Wednesday, April 13, 2011

Pain

"Sometimes what seems like surrender isn't surrender at all.  It's about what's going on in our hearts.  About seeing clearly the way life is and accepting it and being true to it, whatever the pain, because the pain of not being true to it is far, far greater."
-- Nicolas Evan, the Horse Whisperer

The past few months have been filled with a lot of pain. A lot of being honest with myself and with what is really going on in my life and my interactions with people around me. I don't like feeling hurt. I don't like feeling things that cause discomfort. For physical pain, there is a pill you can take that makes it all go away....but for the pain that resides in your heart, the only way to heal yourself from that pain is to let yourself feel it and be honest about it.

For so long, I chose not to see what was actually happening in my life.  Choosing not to see that someone chooses someone else.  Choosing not to see that life changes, people move on and we all grow and change.  It was easier to hold so tightly to the world that I created and not see the world that I actually live in.

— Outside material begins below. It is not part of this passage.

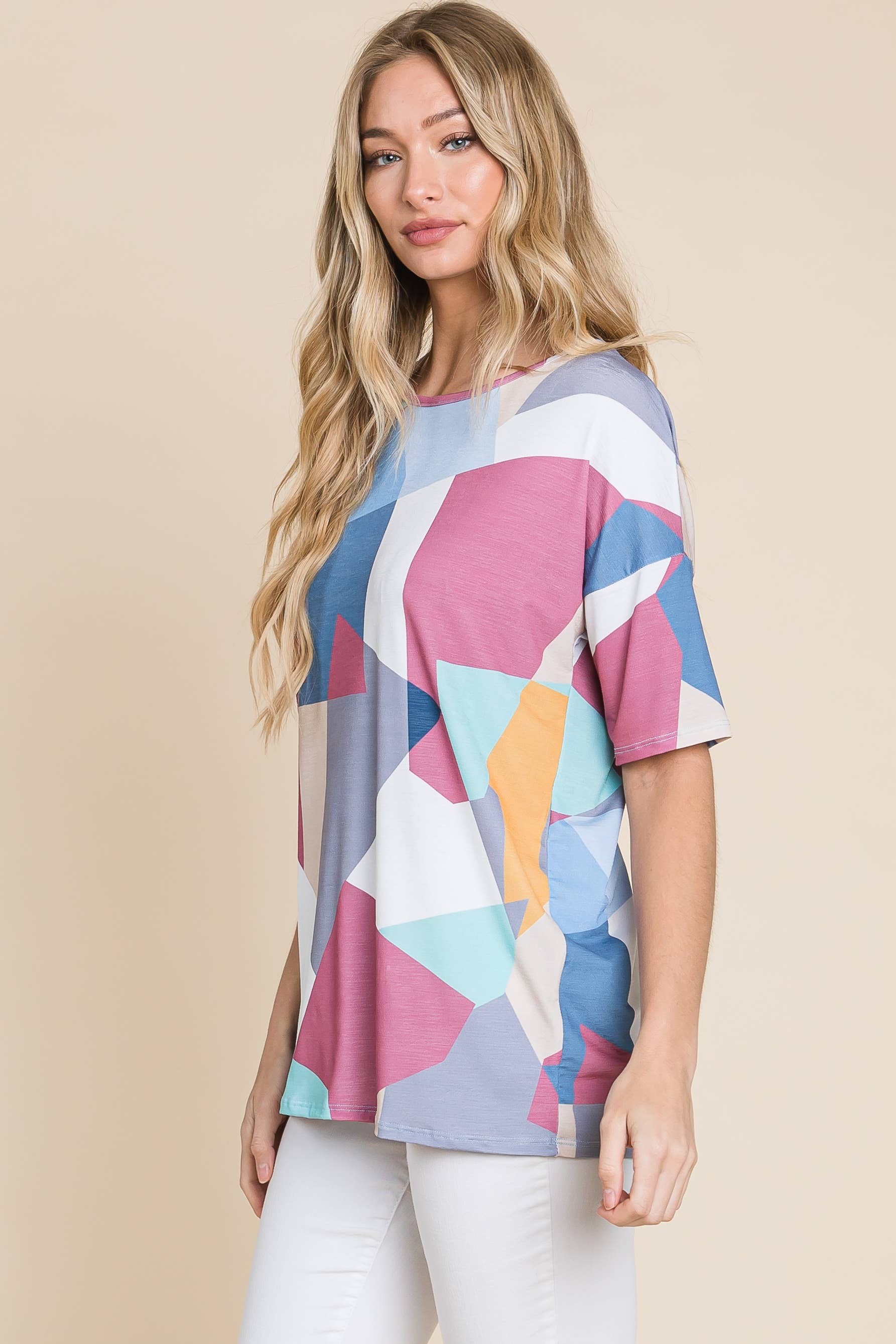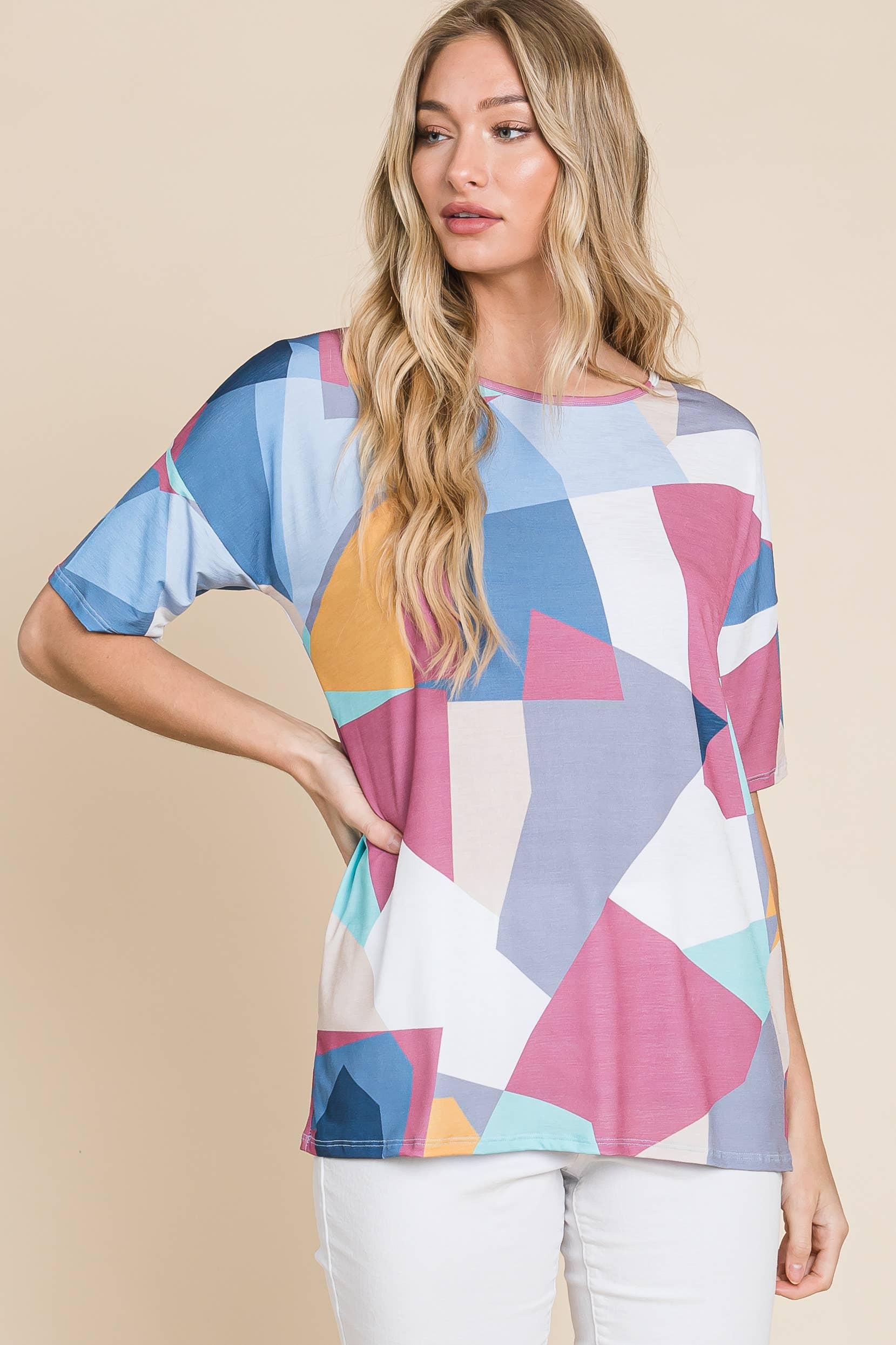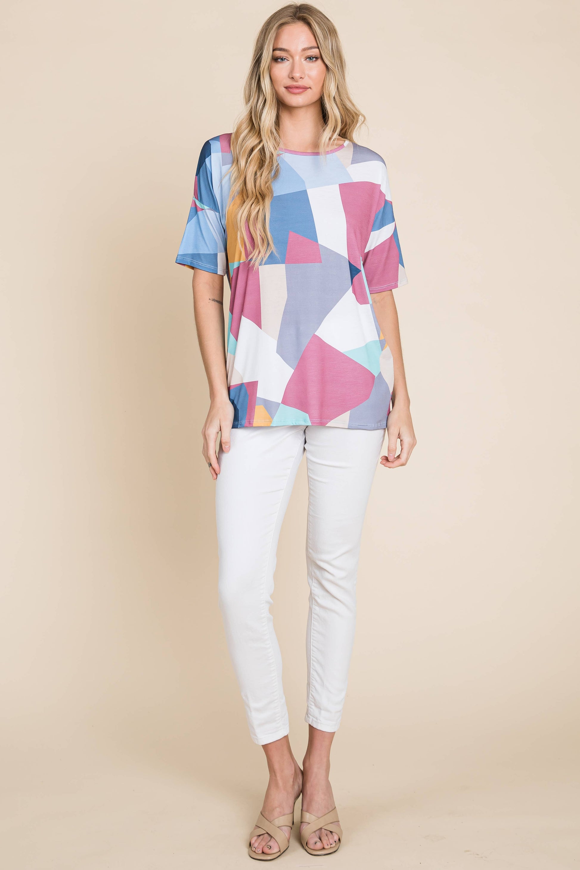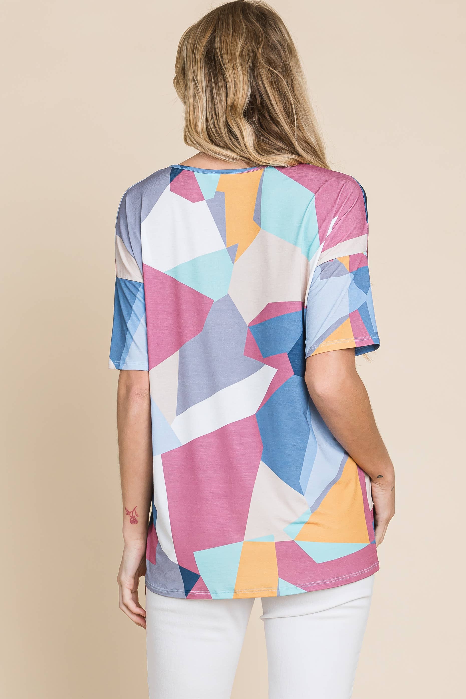 Easy. Breezy. Beautifully bold. This Casual Relaxed Fit Top brings laid-back charm and modern style together in one eye-catching piece. With a mosaic of soft jewel tones and abstract shapes, it's the kind of top that does all the talking—so you don’t have to.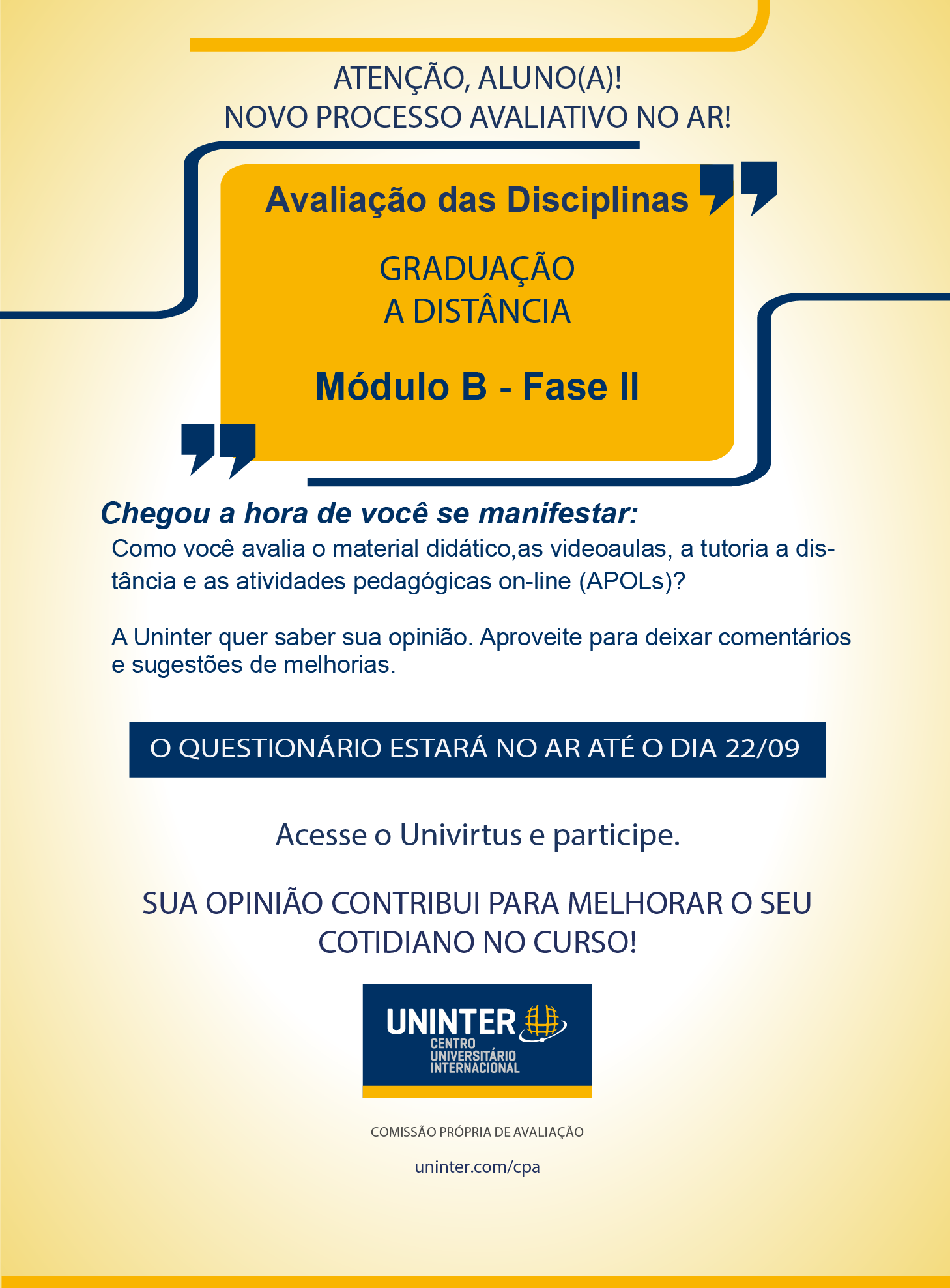 avaliação das disciplinas da Fase II do Módulo B, dos cursos de graduação na modalidade EAD. Os discentes dessas graduações, poderão avaliar as videoaulas, o material didático, as APOL's, as práticas, e a tutoria on-line das disciplinas que foram ministradas no período.

Often it's easy to pretend that our friendships are what we want them to be, when in fact they are falling apart.  It is easy to pretend that we have the relationships we want, when in fact we don't.  It's easy to believe we make the decisions that will make us ultimately happy, even if they inflict pain now, when in fact we don't.

Denial is not a river in Egypt.

Pain is how we grow. Pain is how our body heals. It's not always fun. When I look back at all of my surgeries, there was a lot of pain involved in each one. The pain of surgery is far greater (at least in my case) than the pain of living with whatever is "wrong" in your body. But part of our being created in the likeness of the Lord is that humans are able to see ahead, endure something that is more painful now for the benefit of feeling less pain in the future. To endure pain, sometimes, is necessary. And as you grow, the pain lessens and hopefully in the long run you will be be "better" and experience less pain.

Cohelo wrote in "The Alchemist:"

"Tell your heart that the fear of suffering is worse than the suffering itself. And that no heart has ever suffered when it goes in search of its dreams, because every second of the search is a second's encounter with God and with eternity."